--- Your objective ---
In the entries that follow, find the line containing "Für den Räuber" and the line containing "A sweeping aisle, lined", then copy exactly everything from the first through the second except the pictures.

--- Task material ---
----

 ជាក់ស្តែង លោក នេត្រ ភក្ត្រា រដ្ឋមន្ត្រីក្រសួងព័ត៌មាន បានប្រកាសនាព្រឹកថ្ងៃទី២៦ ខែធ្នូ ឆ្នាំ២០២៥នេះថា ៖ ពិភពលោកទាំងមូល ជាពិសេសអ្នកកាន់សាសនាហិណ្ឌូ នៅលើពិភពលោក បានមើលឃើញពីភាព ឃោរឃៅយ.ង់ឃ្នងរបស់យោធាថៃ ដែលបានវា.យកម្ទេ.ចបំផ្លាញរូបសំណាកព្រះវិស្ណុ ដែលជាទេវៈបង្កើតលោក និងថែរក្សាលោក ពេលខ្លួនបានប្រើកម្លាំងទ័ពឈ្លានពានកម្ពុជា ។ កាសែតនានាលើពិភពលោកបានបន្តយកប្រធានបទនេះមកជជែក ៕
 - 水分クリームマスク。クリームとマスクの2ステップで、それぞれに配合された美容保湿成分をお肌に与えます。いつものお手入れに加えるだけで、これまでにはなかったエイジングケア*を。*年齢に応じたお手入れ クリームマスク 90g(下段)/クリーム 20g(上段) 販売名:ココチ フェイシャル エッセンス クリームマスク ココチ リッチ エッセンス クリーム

----

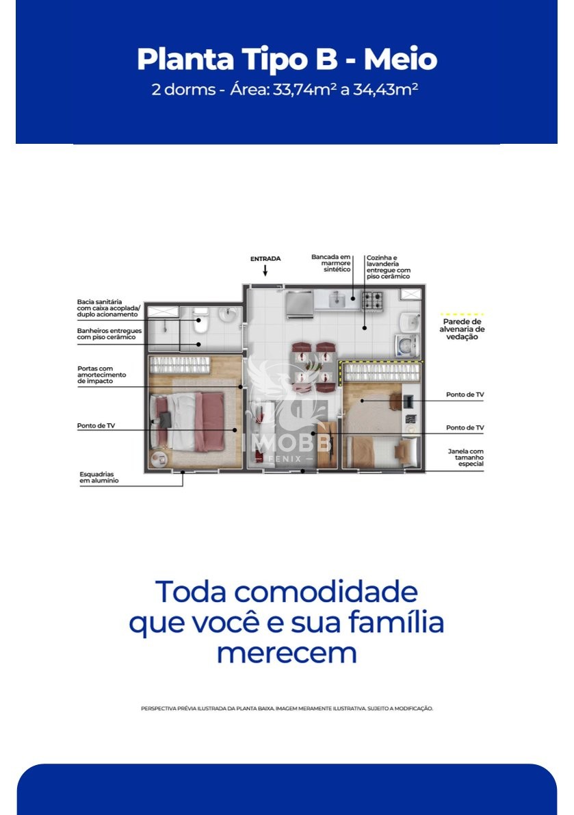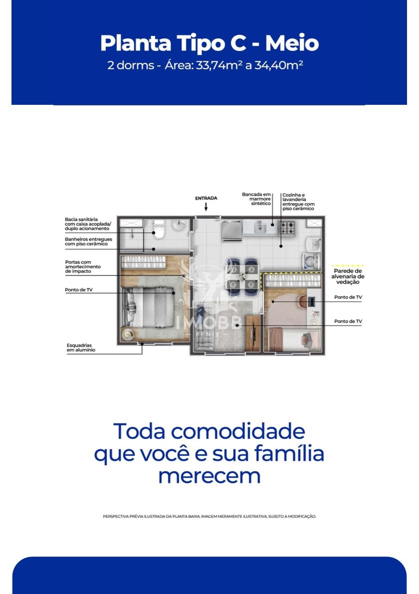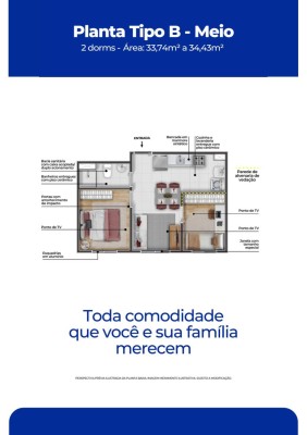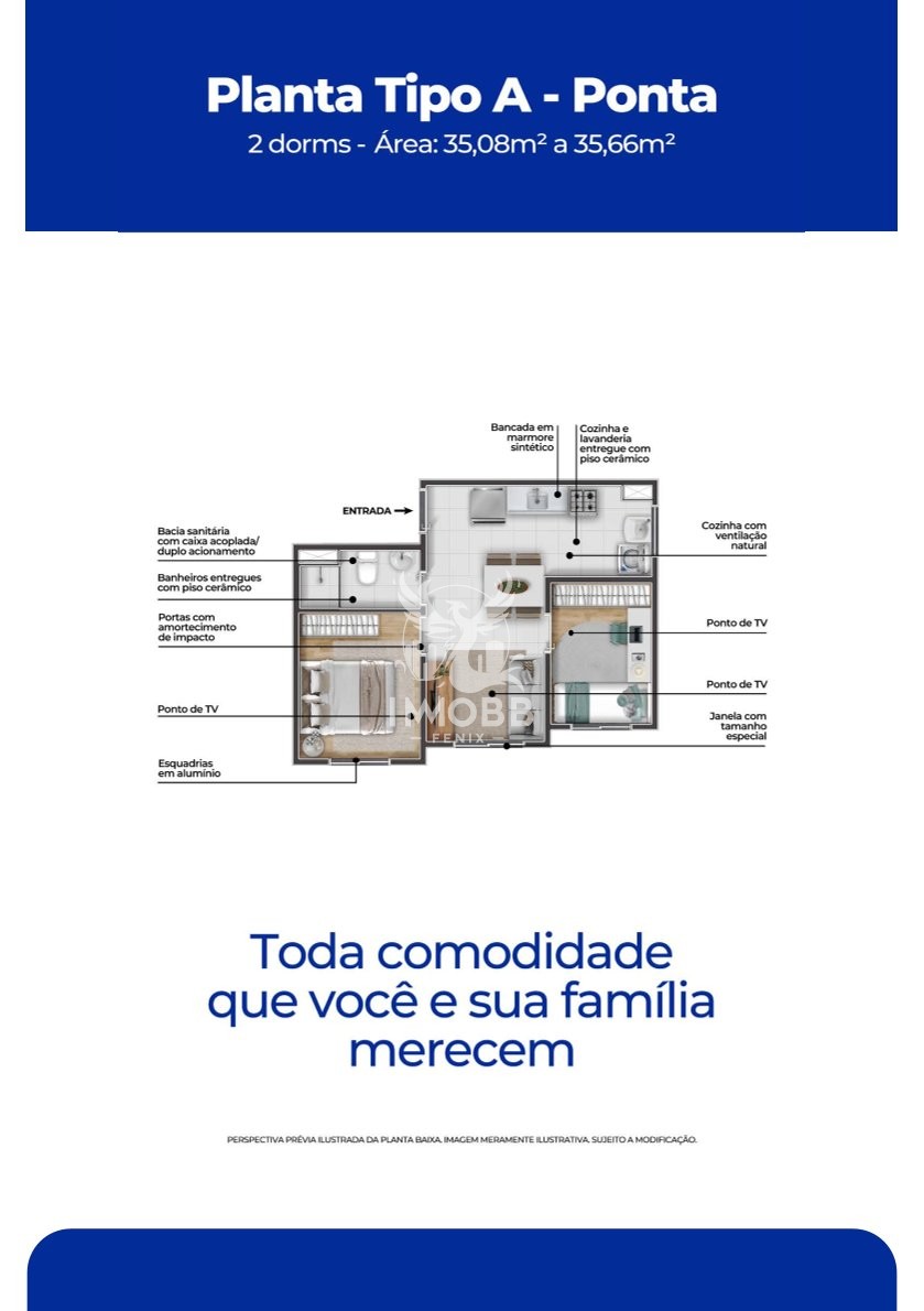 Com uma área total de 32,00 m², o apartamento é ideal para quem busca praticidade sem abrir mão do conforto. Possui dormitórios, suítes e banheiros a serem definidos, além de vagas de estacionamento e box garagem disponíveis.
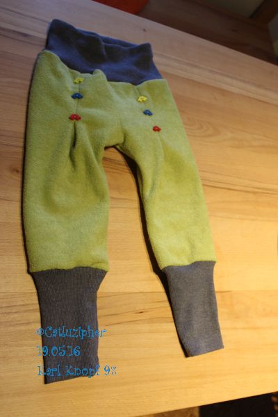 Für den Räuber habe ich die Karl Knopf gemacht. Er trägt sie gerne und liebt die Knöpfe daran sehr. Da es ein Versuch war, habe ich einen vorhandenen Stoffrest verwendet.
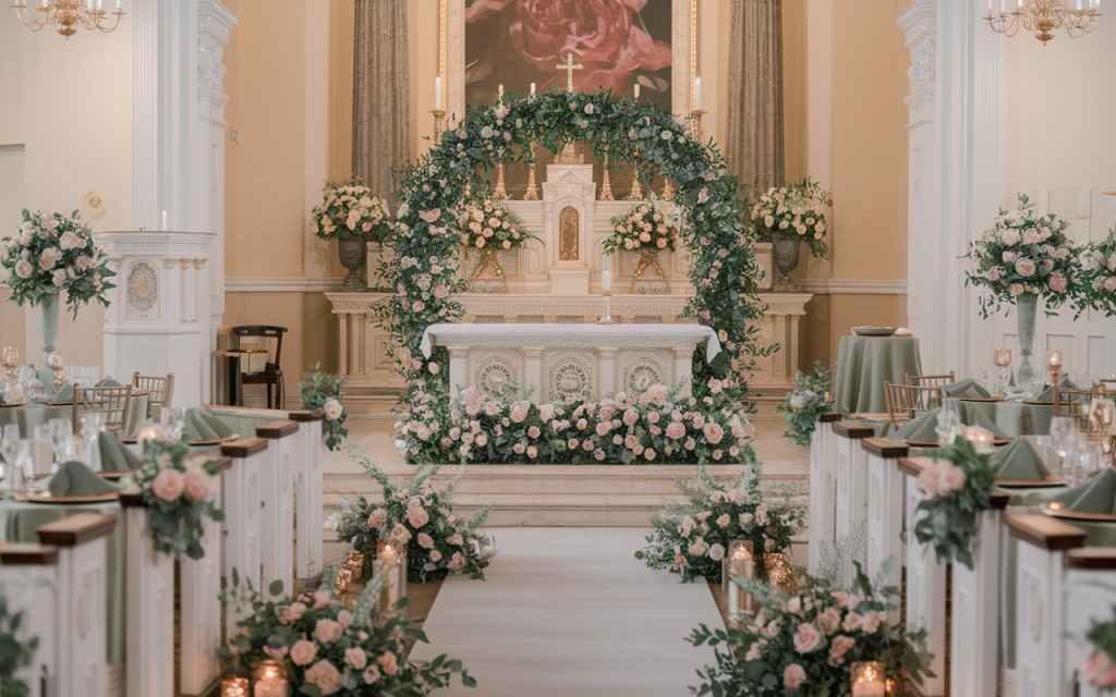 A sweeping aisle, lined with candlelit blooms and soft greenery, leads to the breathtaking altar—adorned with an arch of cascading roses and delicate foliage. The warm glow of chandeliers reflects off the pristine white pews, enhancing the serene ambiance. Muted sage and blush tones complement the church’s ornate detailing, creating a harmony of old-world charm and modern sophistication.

----

--- Answer area ---
 Für den Räuber habe ich die Karl Knopf gemacht. Er trägt sie gerne und liebt die Knöpfe daran sehr. Da es ein Versuch war, habe ich einen vorhandenen Stoffrest verwendet.
 A sweeping aisle, lined with candlelit blooms and soft greenery, leads to the breathtaking altar—adorned with an arch of cascading roses and delicate foliage. The warm glow of chandeliers reflects off the pristine white pews, enhancing the serene ambiance. Muted sage and blush tones complement the church’s ornate detailing, creating a harmony of old-world charm and modern sophistication.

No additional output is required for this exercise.